The next code snippet shows functions used to turn sequences of words into
sequences of tokens, and vice versa. We call tokenize() a single time for each
language, so the argument sequences is a list of lists where each of the inner
lists represents a sentence. The Tokenizer class assigns indices to the most
common words and returns either these indices or the reserved OOV_INDEX
for less common words that did not make it into the vocabulary. We tell the
Tokenizer to use a vocabulary of 9998 (MAX_WORDS-2)—that is, use only
indices 0 to 9997, so that we can use indices 9998 and 9999 as our START and
STOP tokens (the Tokenizer does not support the notion of START and STOP
tokens but does reserve index 0 to use as a padding token and index 1 for outof-
vocabulary words). Our tokenize() function returns both the tokenized
sequence and the Tokenizer object itself. This object will be needed anytime we
want to convert tokens back into words.

The function tokens_to_words() requires a Tokenizer and a list of indices. We simply check for the reserved indices: If we find a match, we replace them with hardcoded strings, and if we find no match, we let the Tokenizer convert the index to the corresponding word string.

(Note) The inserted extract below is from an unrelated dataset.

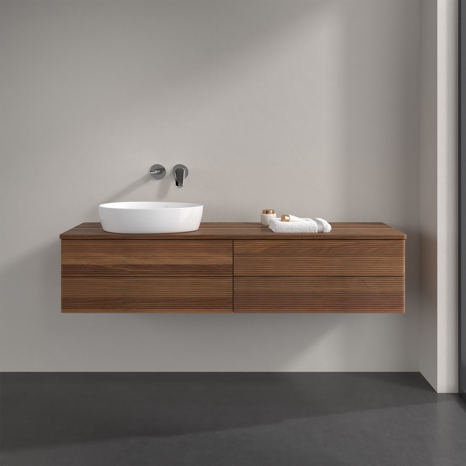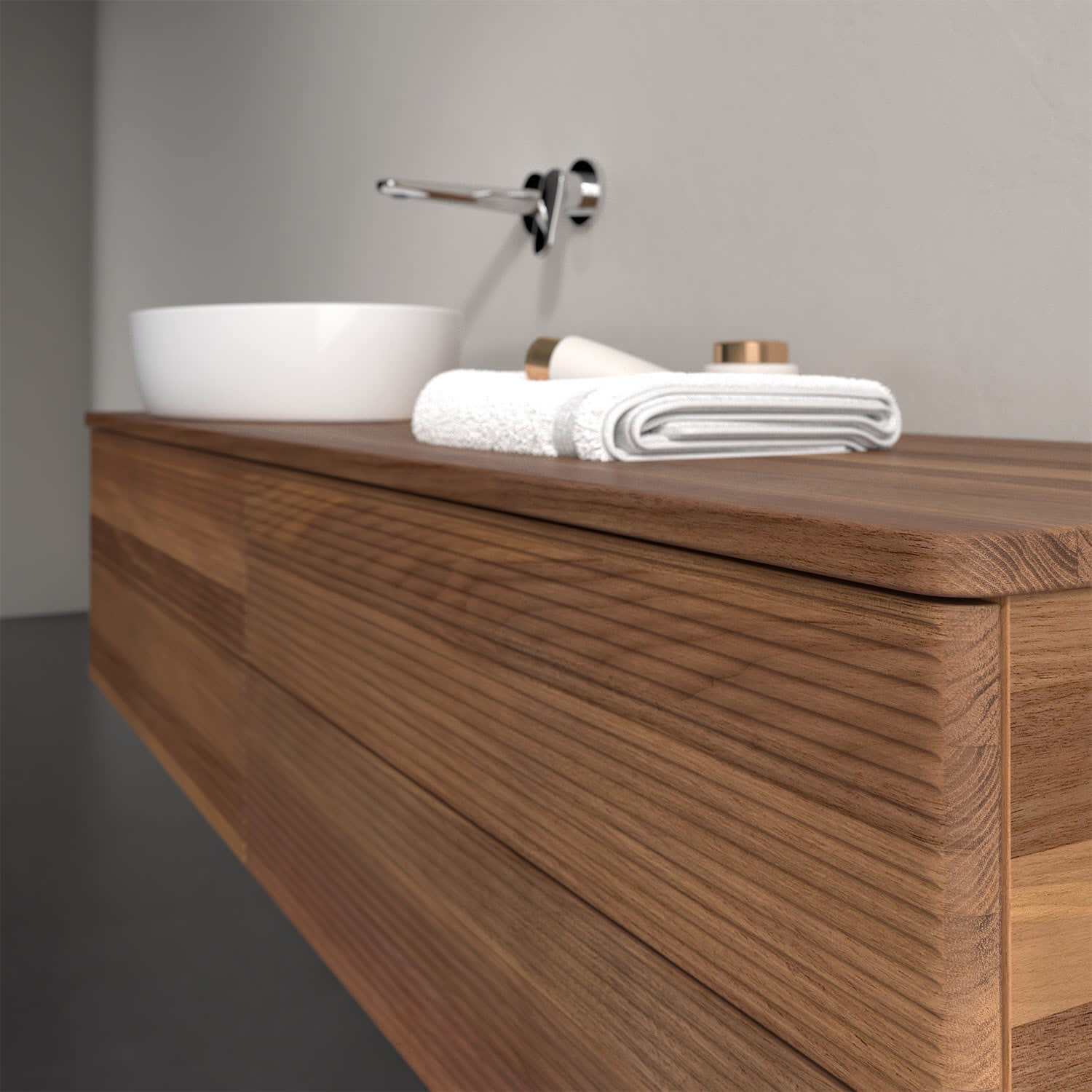 Der wandhängende Antao Waschtischunterschrank bietet mit seinen vier Auszügen und seiner erstaunlichen Größe viel Platz zum Verstauen von Utensilien im Badezimmer. Dank des seitlich platzierten Aufsatzwaschtischs gibt es daneben weiteren Platz für Handtücher, Seifenspender & Co. auf der Waschtischplatte. Inspiriert von der Natur überzeugt der Unterschrank auch optisch mit sanfter Formsprache und abgerundete Kanten. Die grifflosen Auszüge mit strukturierter Front sind mit der Push-to-Open Funktion ausgestattet und verfügen über einen Antirutschboden, damit Utensilien sicher verstaut werden können. Den Überblick behält man dank der warmweißen Auszugsbeleuchtung, die sich automatisch beim Öffnen einschaltet. Mit seiner Vollauszug- und Selbsteinzug-Funktion ist der Schrank einfach praktisch und leicht zu bedienen. Qualität von Villeroy & Boch! Für eine besonders leichte Pflege sorgt die mehrschichtig deckend lackierte Oberfläche. Bei der Ausführung in Massivholz wird dank des verarbeiteten Massivholzes jedes Möbel zu einem Unikat, das sich durch das lebendige Naturmaterial durch seine einzigartige Struktur und Maserung auszeichnet.
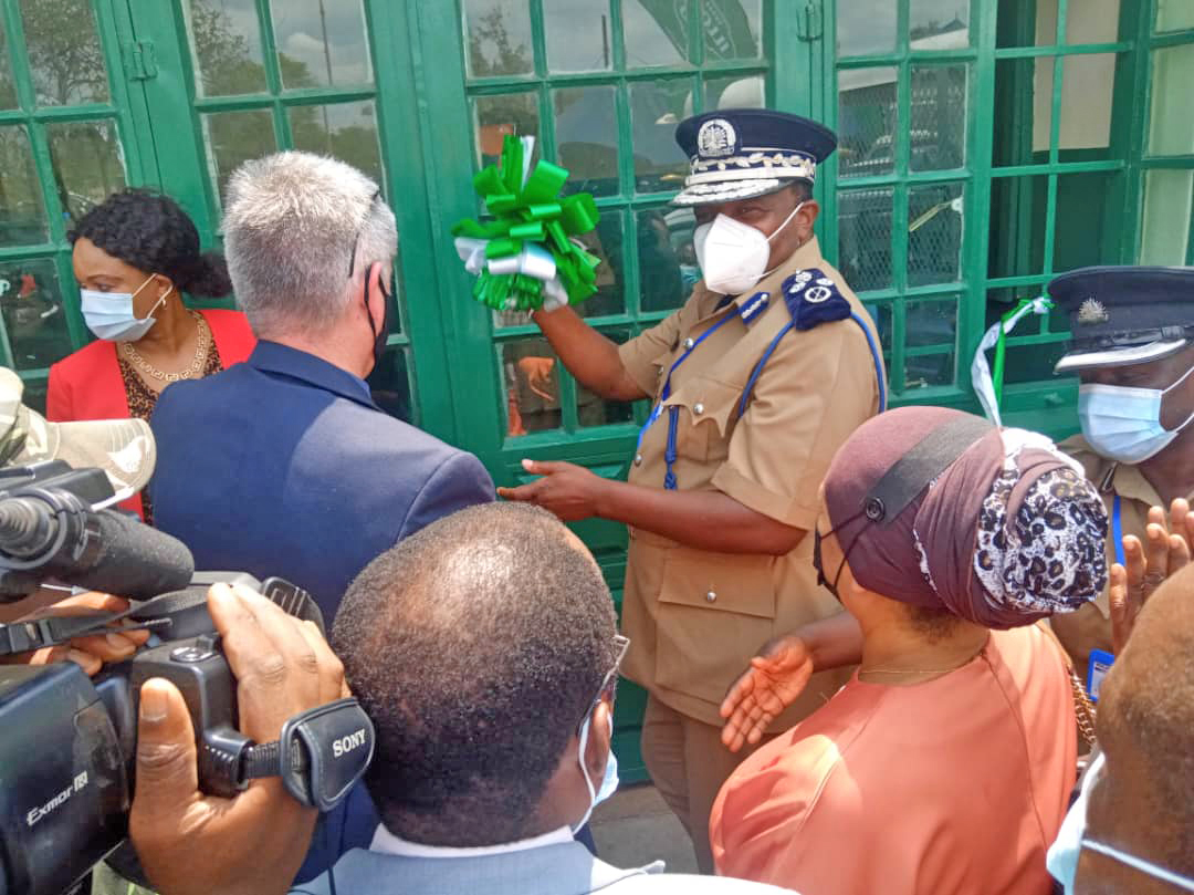 The Inspector General of Police Dr George Kainja received the vehicles and the refurbished office on behalf of the Malawi Police Service.

The Tokenizer expects a list of lists of indices and returns a list of strings, which is why we need to call it with [[index]] and then select the 0th element to arrive at a string.


In [None]:
# Functions to tokenize and un-tokenize sequences.
def tokenize(sequences):
    # "MAX_WORDS-2" used to reserve two indices
    # for START and STOP.
    tokenizer = Tokenizer(num_words=MAX_WORDS-2,
                          oov_token=OOV_WORD)
    tokenizer.fit_on_texts(sequences)
    token_sequences = tokenizer.texts_to_sequences(sequences)
    return tokenizer, token_sequences

def tokens_to_words(tokenizer, seq):
    word_seq = []
    for index in seq:
        if index == PAD_INDEX:
            word_seq.append('PAD')
        elif index == OOV_INDEX:
            word_seq.append(OOV_WORD)
        elif index == START_INDEX:
            word_seq.append('START')
        elif index == STOP_INDEX:
            word_seq.append('STOP')
        else:
            word_seq.append(tokenizer.sequences_to_texts(
                [[index]])[0])
    print(word_seq)


Given these helper functions, it is trivial to read the input data
file and convert into tokenized sequences.

In [None]:
# Read file and tokenize.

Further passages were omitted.